Prime Minister of the Solomon Islands
- In office 1 December 1986 – 28 March 1989
- Monarch: Elizabeth II
- Governors-General: Baddeley Devesi George Lepping
- Preceded by: Sir Peter Kenilorea
- Succeeded by: Solomon Mamaloni

Foreign Minister of the Solomon Islands
- In office 1981–1982

Member of Parliament for East Guadalcanal
- In office 1980–1987

Personal details
- Born: June 1947 Avuavu, Guadalcanal, British Solomon Islands
- Died: 7 August 2022 (aged 75) Haimatua, Guadalcanal, Solomon Islands
- Party: Solomon Islands United Party

= Ezekiel Alebua =

Solomon Islands politician (1947–2022)

Ezekiel Alebua (June 1947 – 7 August 2022) was the prime minister of the Solomon Islands from 1 December 1986 until 28 March 1989. He served as Foreign Minister from 1981 to 1982. Alebua was the premier of Guadalcanal province from 1998 to 2003, and antagonised some people in that area for not supporting moves to declare that province independent.
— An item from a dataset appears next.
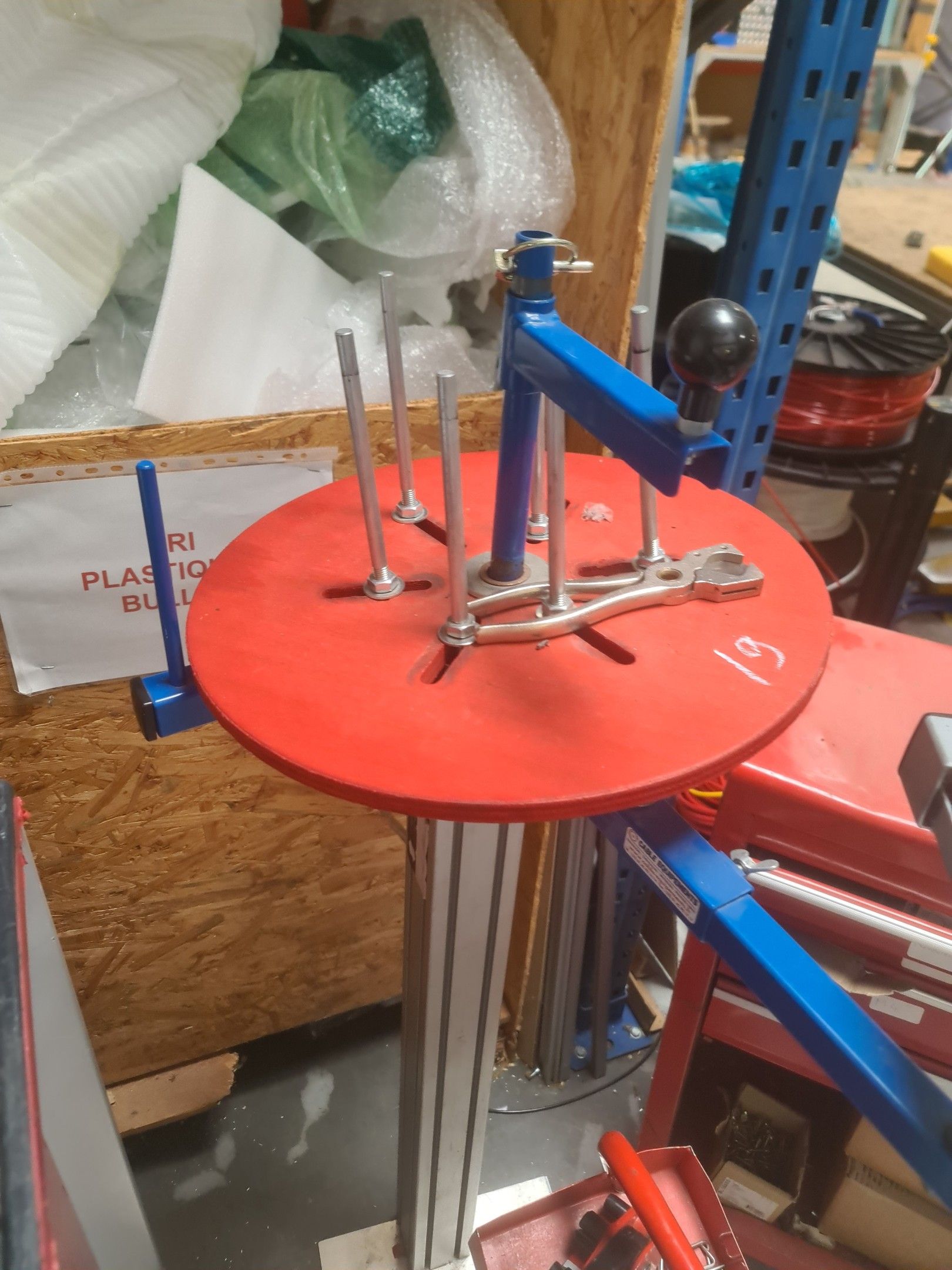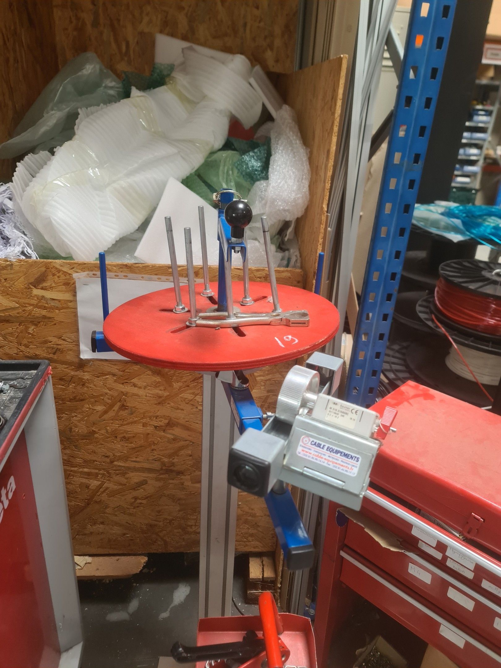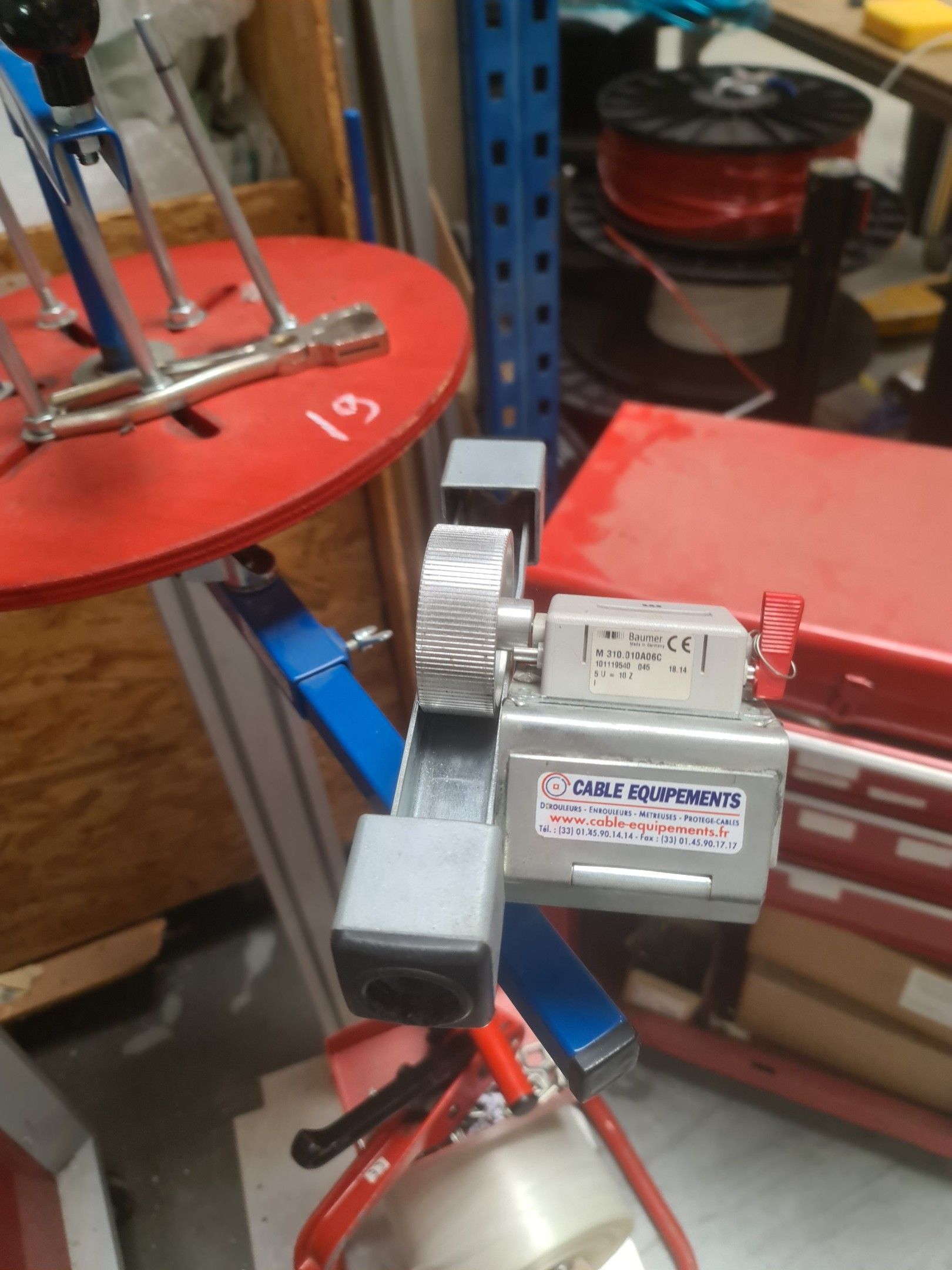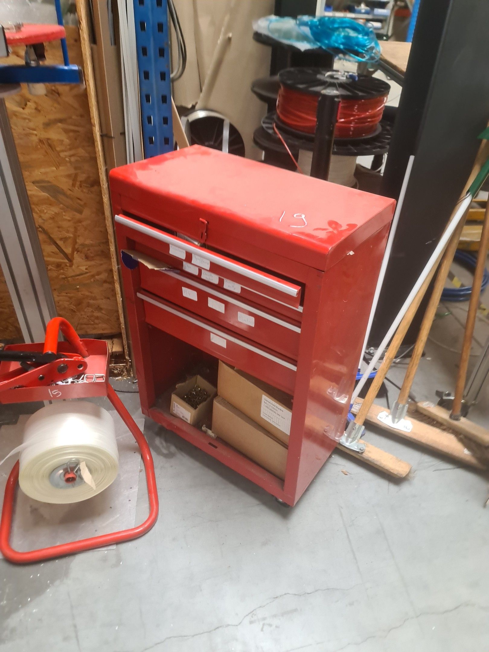 a red metal workshop trolley, a reel, a home-made hose reel and a red metal manual strapping machine

In July 1988, Alebua was appointed to the Privy Council of the United Kingdom, and was thus entitled to the prefix "The Right Honourable" for life.

He was wounded in an assassination attempt by Harold Keke's group on 1 June 2001. During his prominence in national politics during the 1980s, Alebua was a member of the conservative Solomon Islands United Party.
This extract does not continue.